The Yearly Meeting of Aotearoa/New Zealand (Te Hāhi Tūhauwiri) is the umbrella body and Yearly Meeting of the Religious Society of Friends in New Zealand.

== History ==
The Quaker Yearly Meeting of New Zealand underwent significant transformations between 1840 and 1920, a period marked by the Society of Friends' adaptation and growth in a new geographical and cultural context. The New Zealand Society, starting with just 26 members in 1853, expanded to approximately 430 by 1920. This growth is noteworthy given the Quakers' focus on spiritual depth rather than numerical strength or extensive organizational frameworks.

The origins of Quakerism are attributed to George Fox, whose mystical experiences led to a belief in direct communion with God's spirit. Initially lacking formal doctrines or membership, Fox's teachings attracted those dissatisfied with the existing religious institutions, forming the foundation of the Quaker faith. In England, despite a decline from their 18th-century numbers due to factors like emigration and disciplinary practices, the Quakers developed a complex organizational system. The London Yearly Meeting, serving as the governing body of Quakerism, played a crucial role in managing international affairs, including those in New Zealand. The relationship between New Zealand Friends and the London Yearly Meeting, particularly through the Meeting for Sufferings and the Continental Committee (later the Australasian Committee), was pivotal in the development and support of the New Zealand community.

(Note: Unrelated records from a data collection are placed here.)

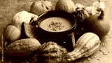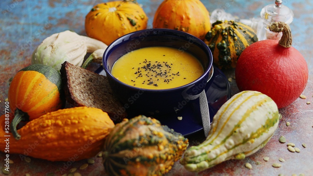 Vegetarian autumn pumpkin cream soup with seeds and colorful various mini pumpkins around
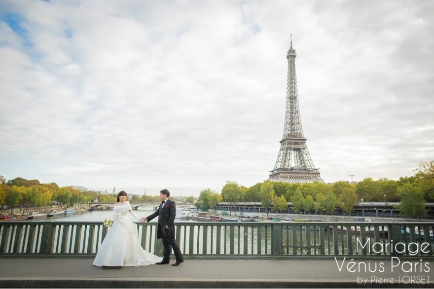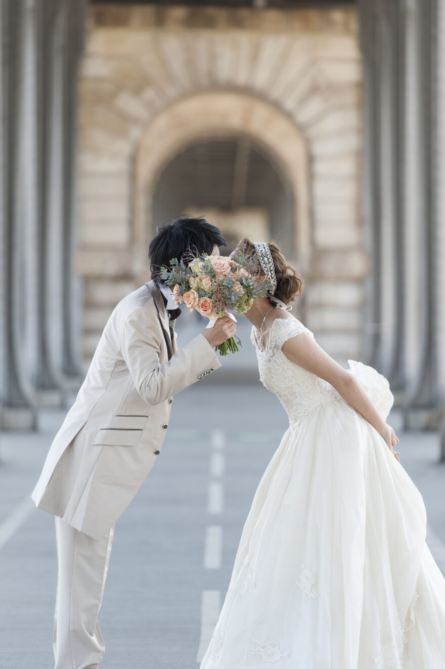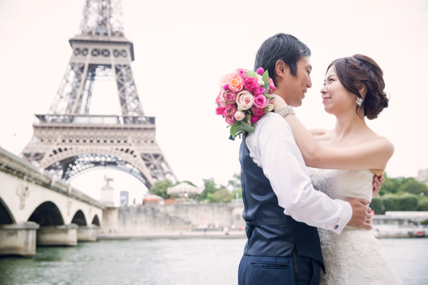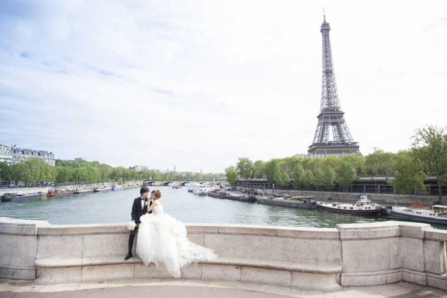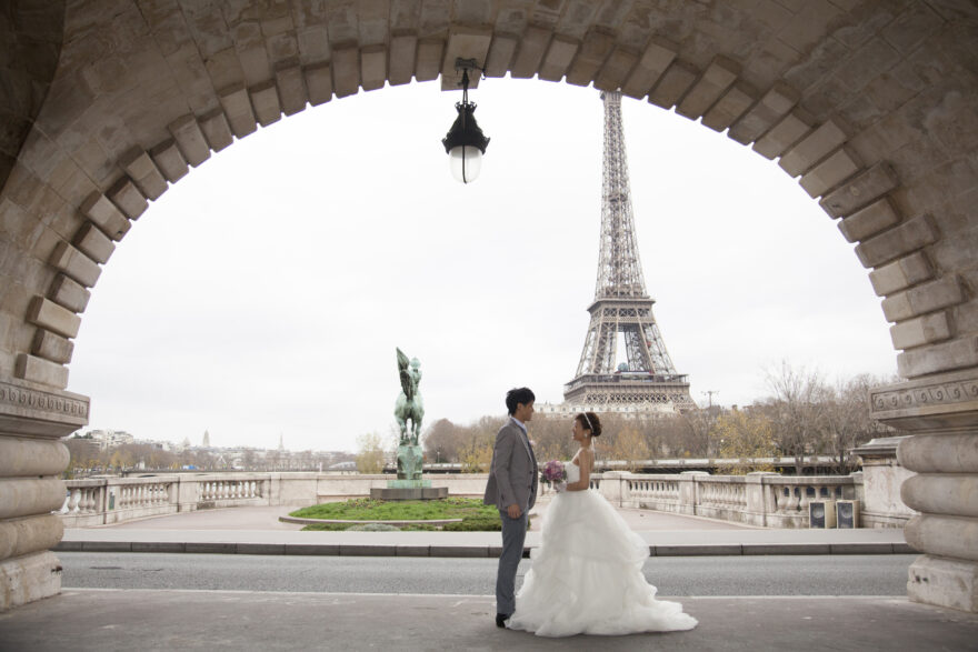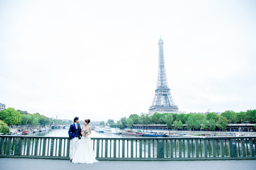 エッフェル塔が見えるビルアケム橋でウェディングフォト
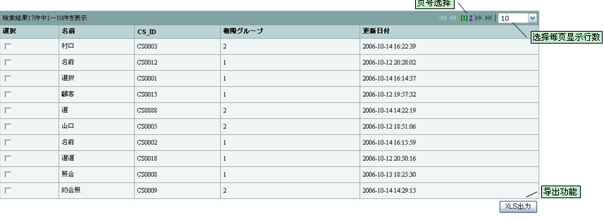 <ec:table items="operators" var="operator"action="${pageContext.request.contextPath}/sample.do"retrieveRowsCallback="limit" sortRowsCallback="limit" filterRowsCallback="limit"filterable="false" sortable="false" showExports="true"autoIncludeParameters="${empty param.autoInc?true:false}"><ec:exportCsv fileName="DepositHistory.csv" tooltip="CSV Download" /><ec:row><ec:column property="csLastName" title="名前" /><ec:column property="csId" title="CS_ID" /><ec:column property="csGroupId" title="権限グループ" /><ec:column property="updateDate" cell="date" title="更新日付" /></ec:row></ec:table> 该表格从集合operators中获取每行的元素,赋值给变量operator,用作每行处理的数据。
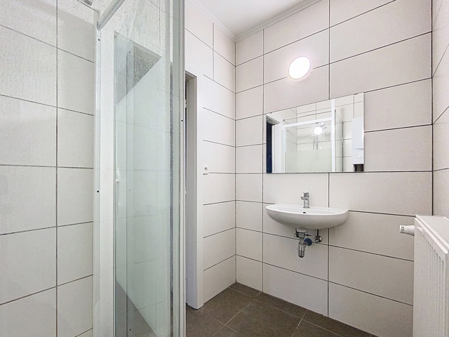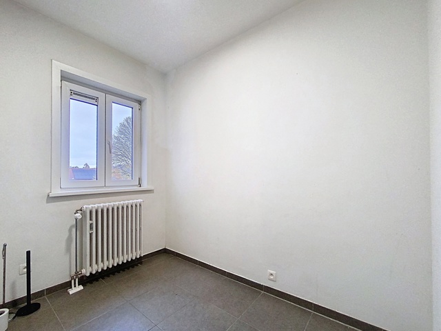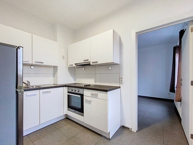 Hall d`entrée,Séjour avec salon et salle à manger,Cuisine équipée avec four, taque vitro, hotte et frigo avec congélateurSalle de bains avec douche, lavabo et emplacement machine à laver,WC séparés,Une chambre et un bureau.Caractéristiques :Chauffage central au gazChâssis pvc double vitrageSpots et luminaires installés partoutSitué en centre-villePas de charges communes
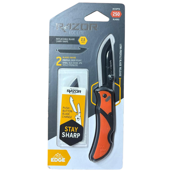 The Outdoor Edge Razor EDC Lite 2.5 Orange is the ultimate compact knife for everyday carry and outdoor use. Featuring a bright orange handle for high visibility, this lightweight knife is perfect for hunters, campers, and outdoor enthusiasts who need a reliable cutting tool at their fingertips.
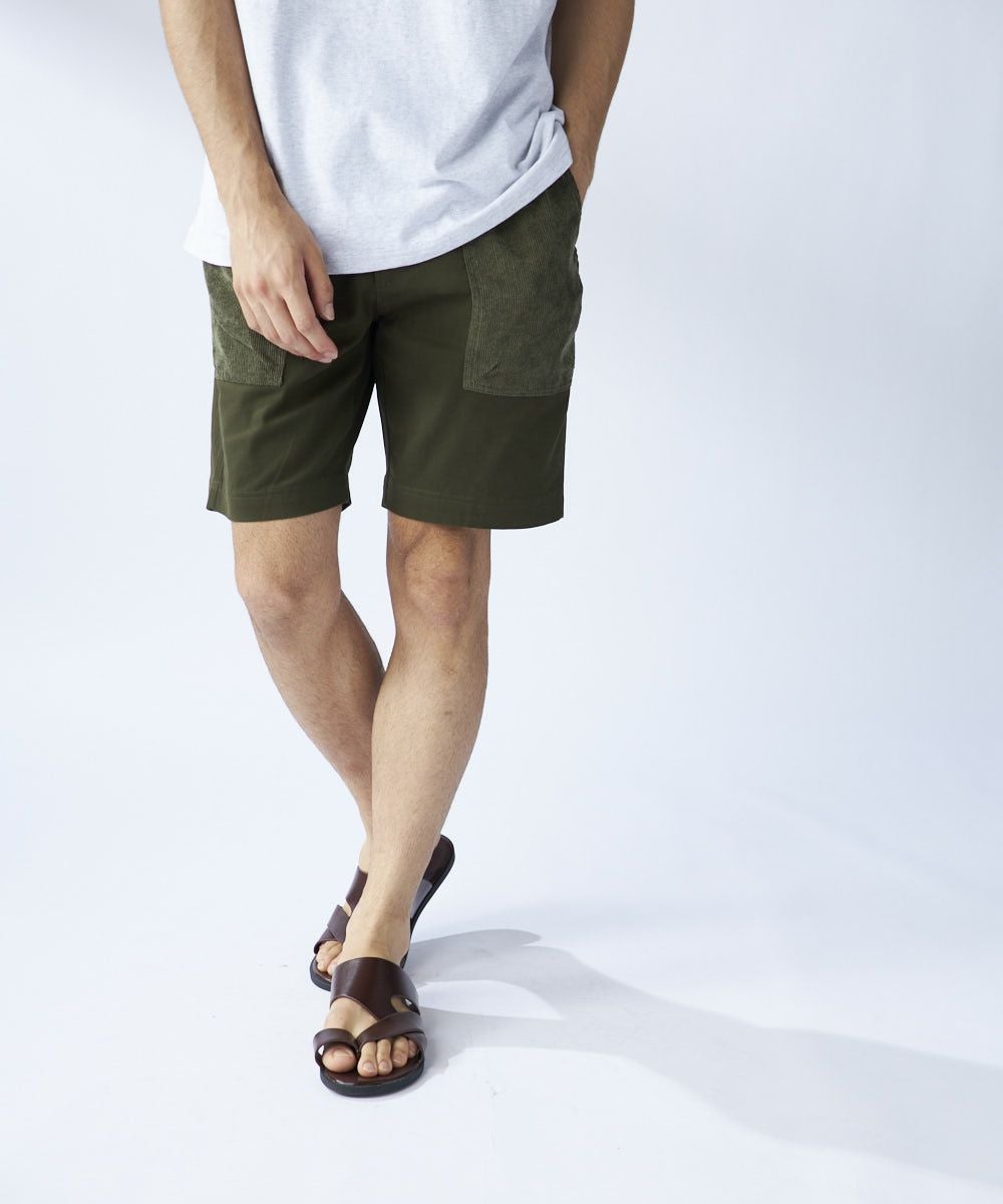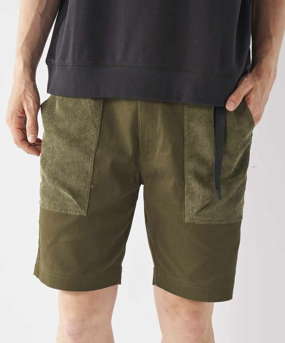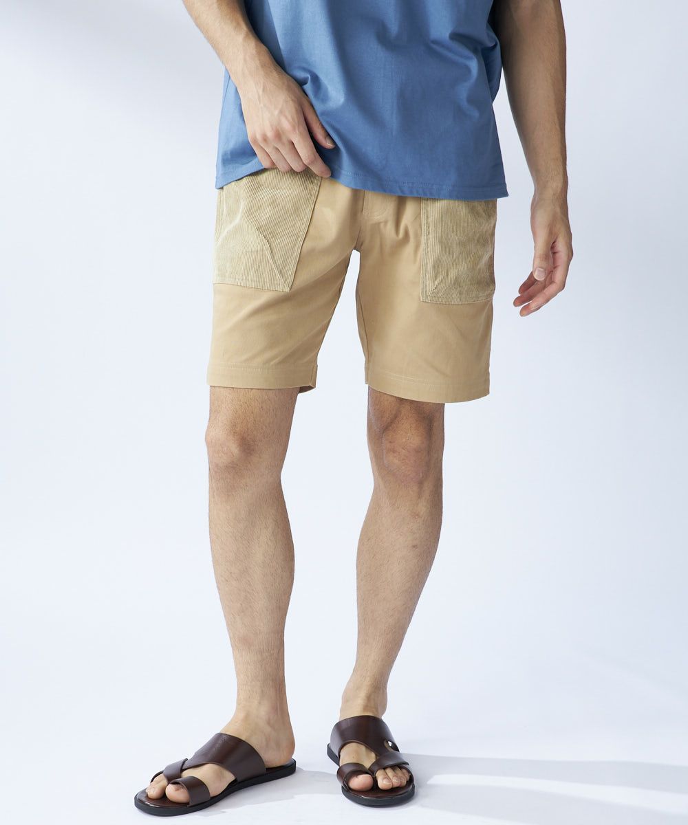 膝上丈の異素材ミックスデザインショートパンツ。
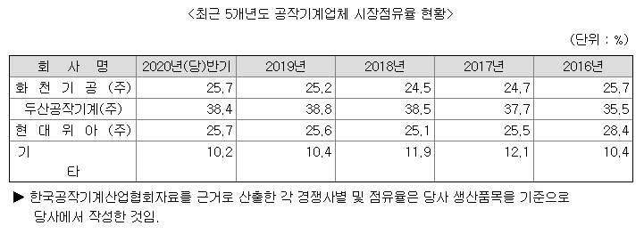 한국공작기계산업협회의 자료를 보면 최근 5개년도 공작기계 업체의 시장점유율 현황은 아래와 같다.
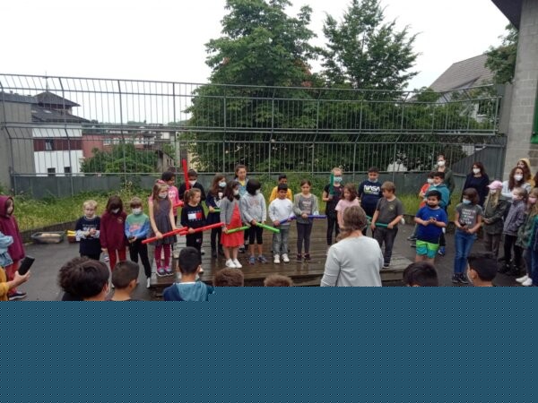 Gestern und heute standen die Tage unter dem Zeichen des Abschieds: Den Kindern und Lehrern standen teilweise die Tränen in den Augen, denn Abschied nehmen ist schwer. Doch wie heißt es bei Hermann Hesse? Jedem Anfang wohnt ein Zauber inne! Wir werden euch vermissen und wünschen euch alles Gute in den neuen Schulen! Die Kinder der 2c führten den Kindern der 4a, 4b und 4c ein extra für sie aufgeführtes Stück auf. Frau Steinhoff verlässt uns übrigens auch, sie unterrichtet nach den Ferien an einer anderen Schule, die näher an ihrem Heimatort liegt. Auch ihr wünschen wir alles Gute!
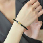 A delicate gold accent adorns the bangle — a petite, refined blossom set with a ruby-toned center stone. This tiny yet meaningful detail represents vitality, auspicious luck, and the flourishing of new opportunities. Its placement on the bangle adds a touch of femininity and luxury while maintaining the minimalist, timeless aesthetic.
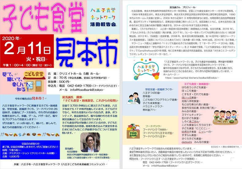 八王子食堂ネットワーク活動報告会「子ども食堂見本市」のご案内
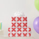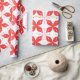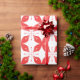 Red and white geometric pattern featuring stylised wrapping paper
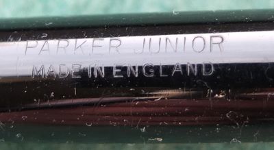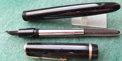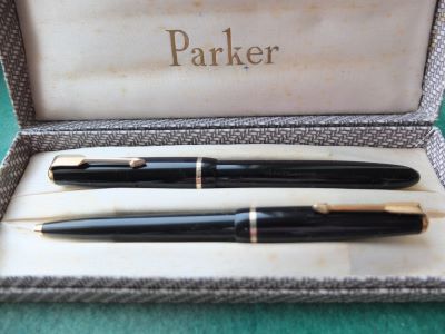 Here is a very nice Duofold Junior fountain pen and ballpen set in black from the 1960s with a crisp imprint; this pen has been used so has a few small marks consistent with that use but it is not damaged and any new owner, wanting it to use, will be thrilled with it; it has a lovely medium grade 14ct gold nib and writes nicely; the pen set has obviously been well looked after, albeit used, but there are no signs of plating wear on the bands or the clips; there are no signs of wear where the cap fits nor where it is posted. Please note the pen set is boxed but its a bit 'dog-eared.
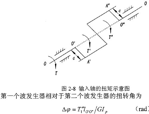 在實(shí)際應(yīng)用中,為平衡掉負(fù)載對(duì)支承的徑向作用,一般采用180°對(duì)稱布置的雙排結(jié)構(gòu),兩排活齒共用一個(gè)活齒架。圖2-8 中O′a′、O″A″分別表示第一排、第二排波發(fā)生器的偏心距。在以下分析中約定:上角標(biāo)“′”表示第一排活齒傳動(dòng)的參數(shù),上角標(biāo)“″”表示第二排活齒傳動(dòng)的參數(shù)。T1、T1′和T1″分別表示輸入軸上的總輸入力矩、第一和第二個(gè)波發(fā)生器分擔(dān)的輸入力矩。在輸入力矩的作用下,輸入軸和波發(fā)生器發(fā)生扭轉(zhuǎn)變形使兩波發(fā)生器的相位差由理論的180°有了一個(gè)相對(duì)的變化△φ,從而使兩排活齒的受力情況略有不同,所承擔(dān)的扭矩也不同。為此,引入載荷傳遞不均勻系數(shù)Kp,設(shè)第二排活齒傳遞的扭矩為KpT2,則第一排活齒傳遞扭矩為(l-KP)T2,其中T2為輸出軸上輸出的總扭矩。
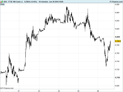 The negative opening call comes after Greek bailout talks broke down yet again, this time at a time when markets would really have preferred it if they hadn’t - UK Index gapped down over 160pts, DAX 505pts and Wall St. 245pts after Greek banks shut their doors for this week while having capital controls imposed by Athens – notably a €60 daily limit on cash withdrawals to avoid a catastrophic run on the banks which do not have the cash to dispense - ahead of a 5 July referendum that is essentially on whether or not Greece remains in the single currency bloc.
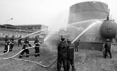 在指揮部的統(tǒng)一指揮下,警戒組、技術組、滅火組、鋼瓶轉移組高速運轉起來,水帶連接、滅火器到位……一切都在緊張有序地進行著,兩條銀色的“水蛇”也急不可待地向罐體的泄漏處飛射而去。
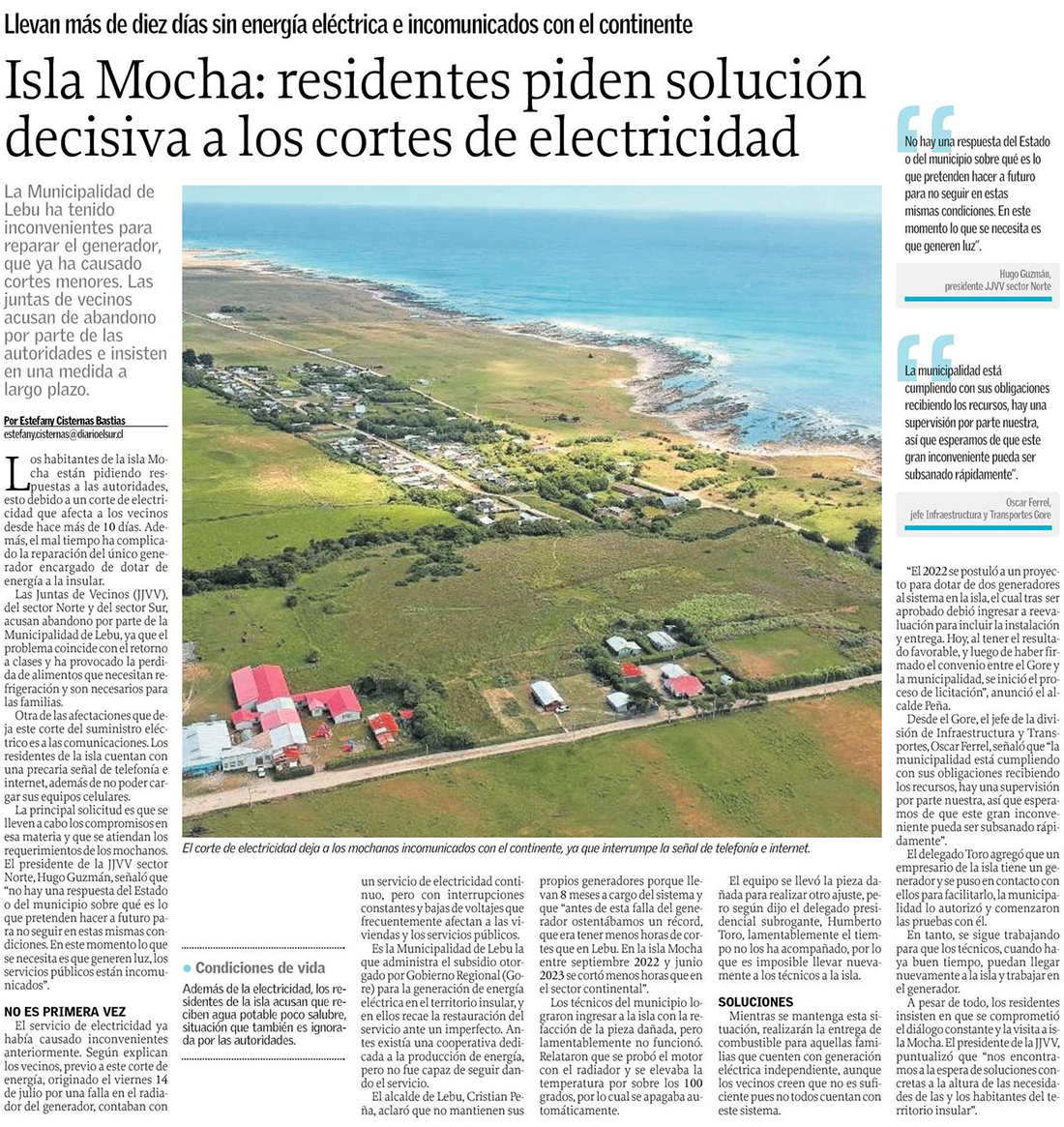 Isla Mocha suma 10 días a oscuras por falla de generador eléctrico: residentes exigen solución urgente - (biobiochile online)
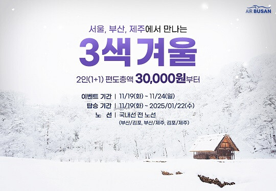 에어부산 관계자는 “1인 가격에 2인이 함께 즐길 수 있는 이번 프로모션을 이용해 다가올 겨울에 합리적인 비용으로 가까운 국내 여행을 계획하시길 바란다.”라고 전했다.
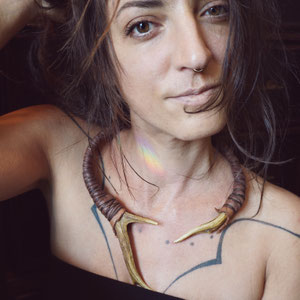 Ich kreiere Kleidung, handgebundene Bücher, Schmuck und Accessoires aus hochwertigen Stoffen und Naturmaterialien wie Knochen, Stein, Holz und recyceltem Leder.
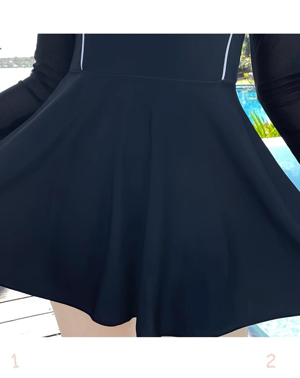 ワンピース水着 服みたいな 水着 長袖 無地 パッド付 レディース ラウンドネック 着痩せ シンプル セクシー 写真映え 撮影用 海 夏 サマー プール リゾート かわいい 旅行 温泉 大人 女性用 ジュニア 学生 女の子 ブラック ホワイト
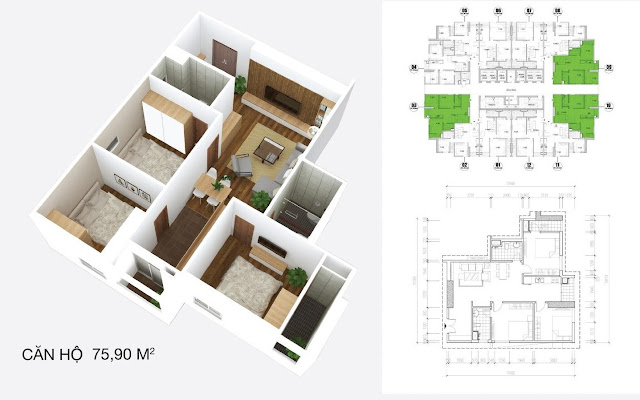 Nội thất nằm trong giá bán bao gồm: Sàn gỗ, trần thạch cao, thiêt bị wc và thiết bị nội thất cơ bản.
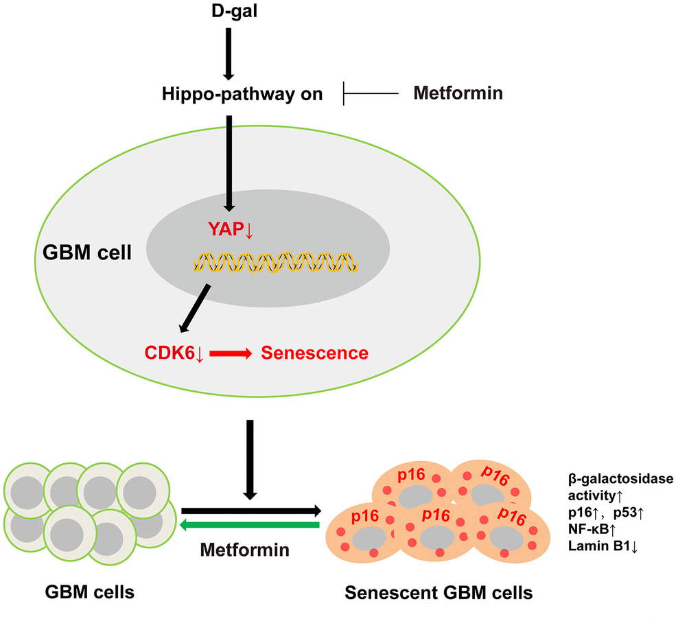 In the present study, we successfully established a new method for inducing GBM cell senescence using D-gal, and revealed that D-gal induced GBM cell senescence through the YAP-CDK6 signaling pathway. Moreover, our results show that metformin, an anti-ageing agent, can effectively reverse D-gal-induced senescence in GBM cells (Figure 10). This method can be utilized to explore the underlying mechanisms of GBM cell senescence, and to screen promising anti-aging drugs for GBM treatment.
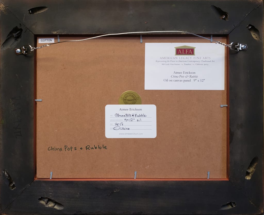 Aimee Erickson Archives Biography Press and Publications View in Room Sizing is approximate. See specs for exact dimensions. Twitter Email Aimee EricksonChina Pots & RubbleOil on canvas panel9" x 12", artwork13.5" x 16.5" x 1.25", framedContemporaryNot AvailableRequest More Information Provenance Acquired by American Legacy Fine Arts directly from the artist Exhibited China's Crown Jewel; Recent Paintings by American Artists, American Legacy Fine Arts, June 21 – July 28, 2019 Need help? Call our ALFA specialists +1 626.577.7733
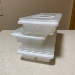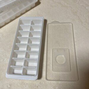 You will get 3 plastic ice cube trays, each one comes with a lid.

The Quaker structure in New Zealand evolved over time, reflecting its English roots. Key developments included the establishment of Monthly and Quarterly Meetings from 1885, serving as local governance bodies with various administrative and spiritual responsibilities. These meetings gradually took on roles similar to those of a Yearly Meeting, a status formally recognized for New Zealand in 1964. The Quaker population growth in New Zealand was largely driven by English immigrants, who adapted to the challenging and isolated conditions of their new environment. This period also saw the preservation and adaptation of unique Quaker practices, such as a worship style devoid of a paid ministry and a focus on the 'inner light' within each individual, guiding their spiritual journey.

== Current status ==
Monthly meetings under the care of the Yearly Meeting in New Zealand include Northern, Mid-North Island, Palmerston North, Whanganui, Wellington, Christchurch, and Dunedin. In the 2018 Census, 954 people stated their religion as "Religious Society of Friends (Quaker)".